_DATA FOR THIS TASK_.
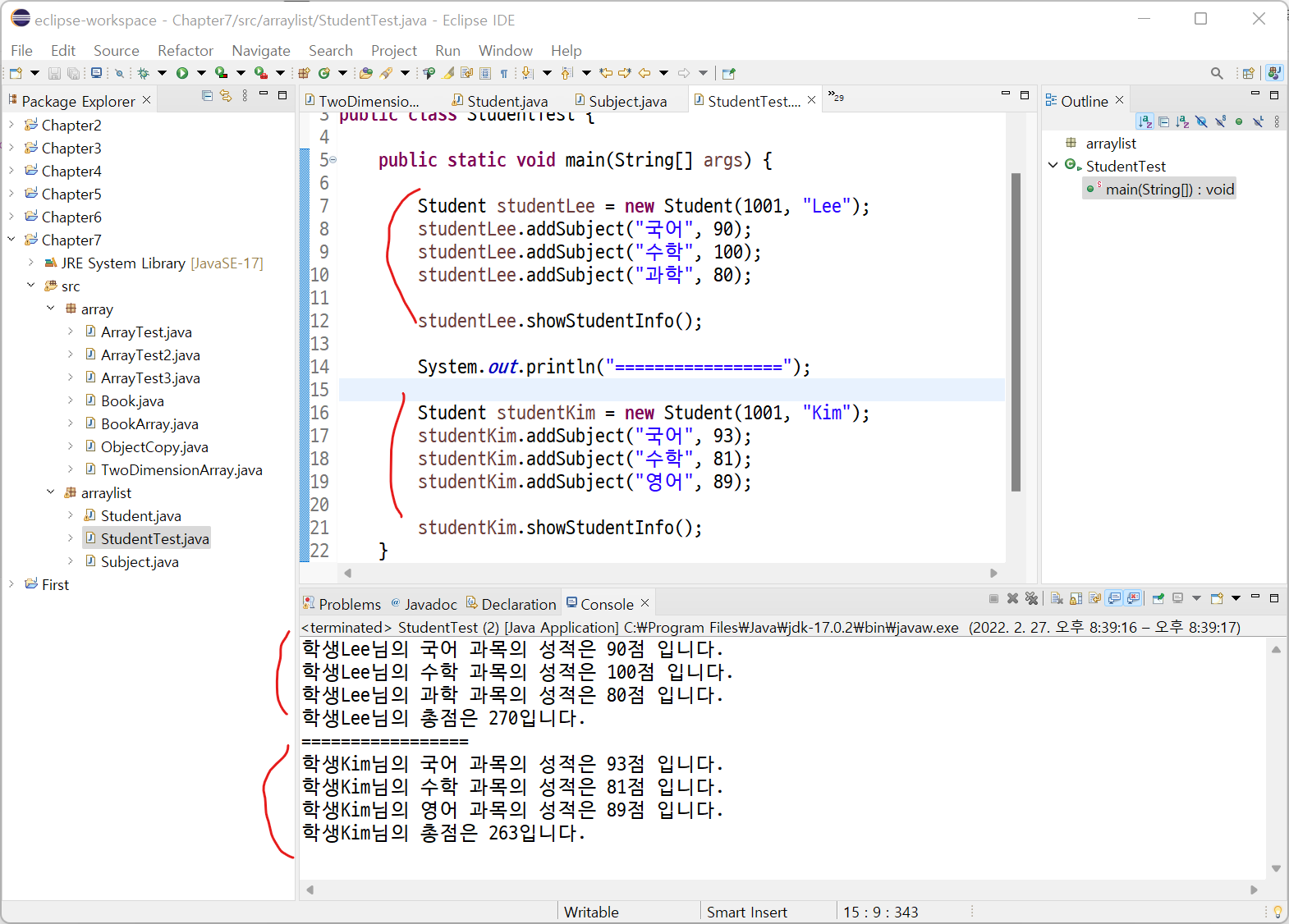 System.out.println("학생" + studentName + "님의 총점은 " + total + "입니다.");
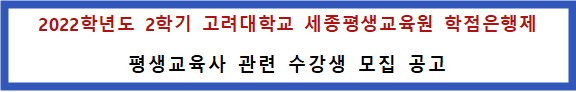 교과목 이수 후 고려대학교 세종평생교육원장 명의의 수료증명서 발급 가능
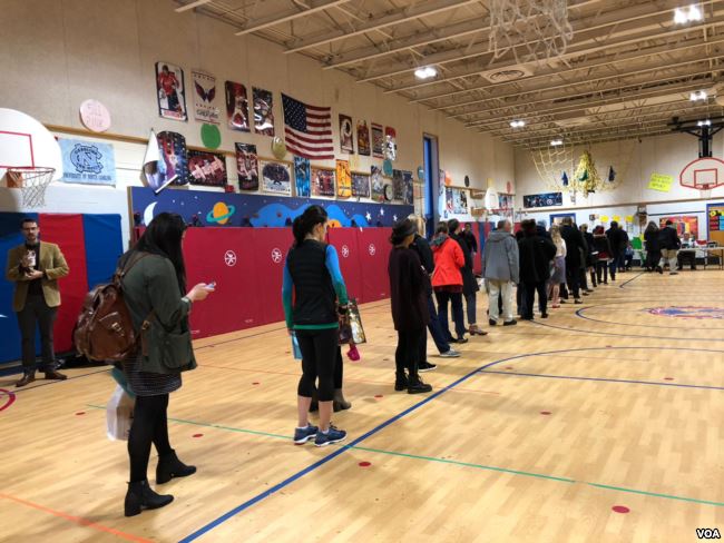 Votantes en Arlington, Virginia, aguardan en fila para emitir su voto en las elecciones de medio término el martes, 6 de noviembre de 2018.
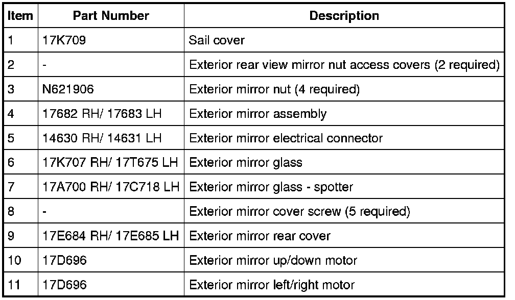 Exterior Mirrors - Exploded View
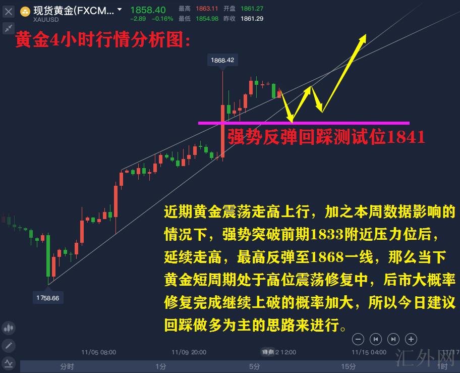 综上所述:第一,周K看遇阻1890的阻力位置;第二:日K临时连续看多,1860到1890仍有30个点的区域。第三:日K临时依旧看多,倾向走9连阳。第四:4小时倾向上连续击穿。
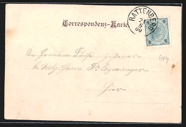 alte Ansichtskarte, gelaufen 1900, Eckknick unten re., Rand beschnitten
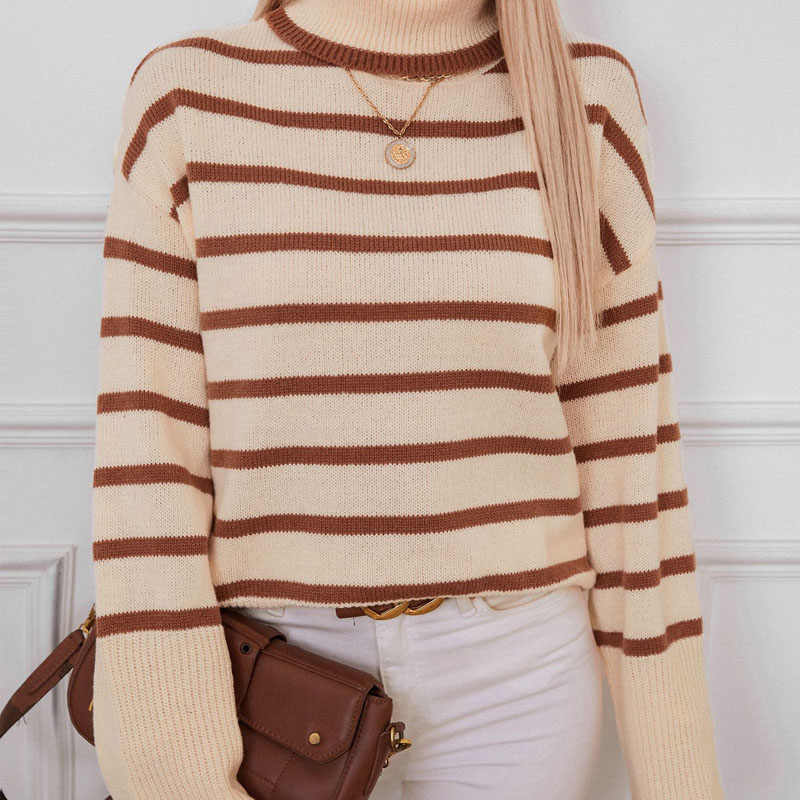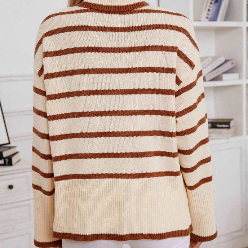 High quality Women Turtleneck Striped Sweater is offered by China manufacturer West Bull Bridge (Zhejiang), which is a sweater with comfortable fabric, soft texture and fashion.
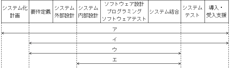 | ウ | 要件定義フェーズからシステム結合フェーズまで |
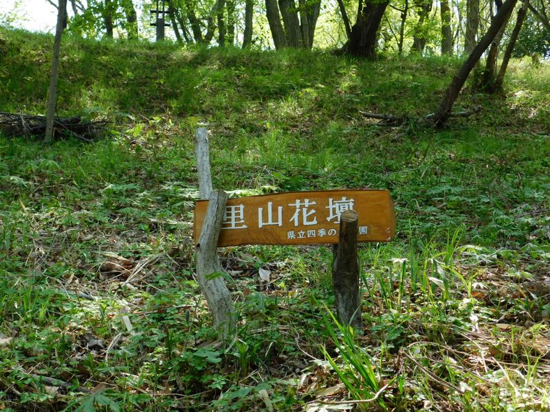 -- 新しい看板ができた「里山花壇」。11:07
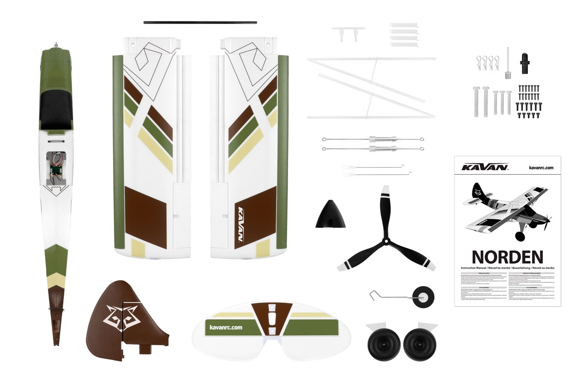 Pro ovládání modelu v nouzi vystačíte i se šestikanálovou počítačovou RC soupravou bez speciálních funkcí – v základním provedení jsou křidélka, klapky, směrovka zapojeny pomocí zapojovací desky nainstalované v prostoru kabiny vždy jen do jednoho kanálu. Deska také zajišťuje napájení LED světel. Ideální je samozřejmě použití aspoň sedmikanálové počítačové RC soupravy umožňující nezávislé ovládání křidélek a klapek dvěma servy, což dnes umí i cenově dostupný Radiolink AT9S nebo AT10II nebo Futaba T6K či T10J. V takovém případě je nutno serva křidélek a klapek připojit samostatně (můžete použít doplňkovou sadu kabelů, která se prodává zvlášť). V návodu samozřejmě nechybí důkladná tabulka s prověřeným výchozím nastavením výchylek kormidel, abyste Nordena snadno připravili k letu, i když to třeba bude váš první model s „plnou mechanizací“ křídla.
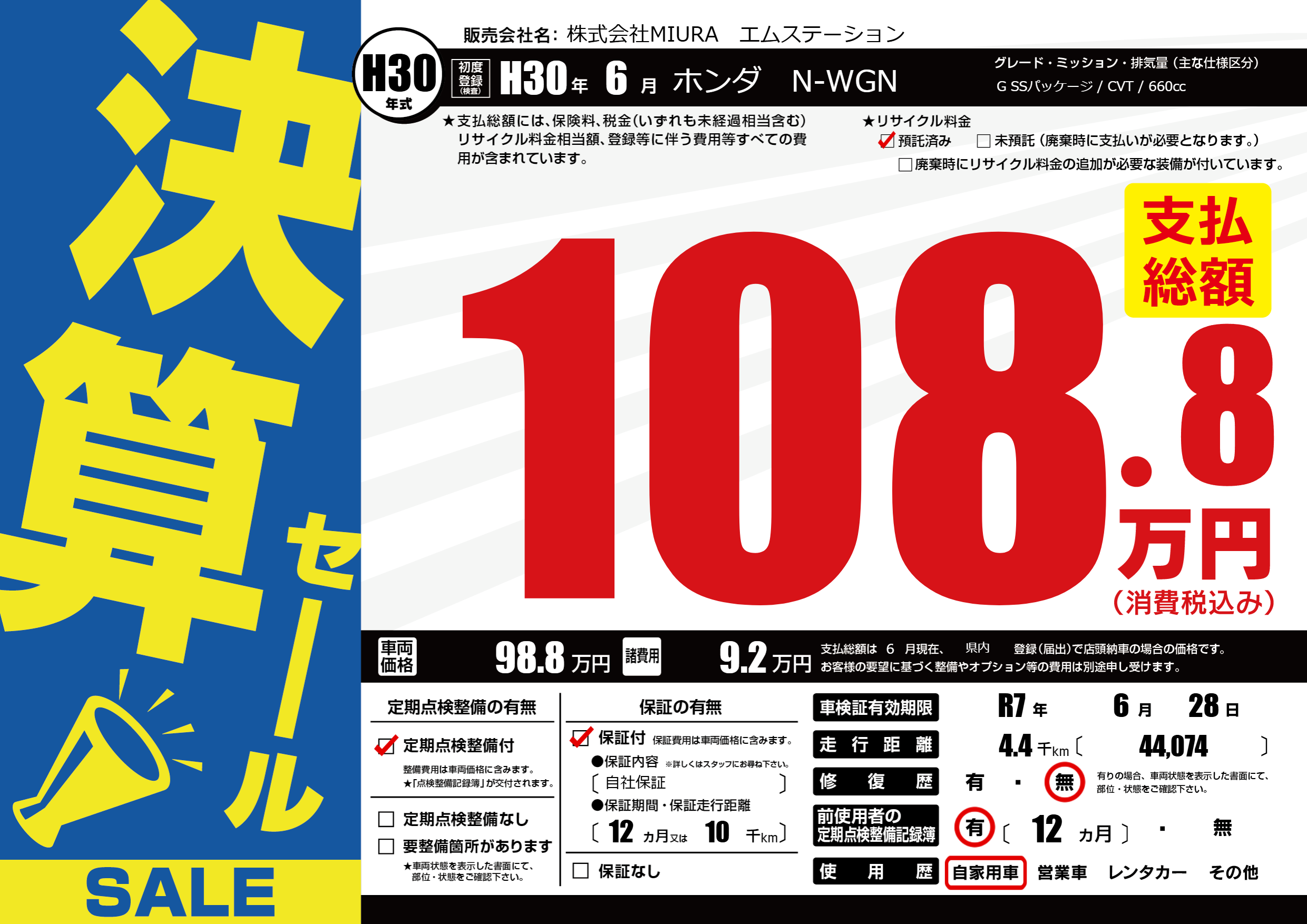 | 車検制限 | R7年 6月 28日 | ||

_TASK PROMPT_. Starting at the first line of the data, set down each line exactly until you have copied the line with "alte Ansichtskarte, gelaufen", but leave the pictures out.

_SOLUTION FOR THIS TASK_.
 System.out.println("학생" + studentName + "님의 총점은 " + total + "입니다.");
 교과목 이수 후 고려대학교 세종평생교육원장 명의의 수료증명서 발급 가능
 Votantes en Arlington, Virginia, aguardan en fila para emitir su voto en las elecciones de medio término el martes, 6 de noviembre de 2018.
 Exterior Mirrors - Exploded View
 综上所述:第一,周K看遇阻1890的阻力位置;第二:日K临时连续看多,1860到1890仍有30个点的区域。第三:日K临时依旧看多,倾向走9连阳。第四:4小时倾向上连续击穿。
 alte Ansichtskarte, gelaufen 1900, Eckknick unten re., Rand beschnitten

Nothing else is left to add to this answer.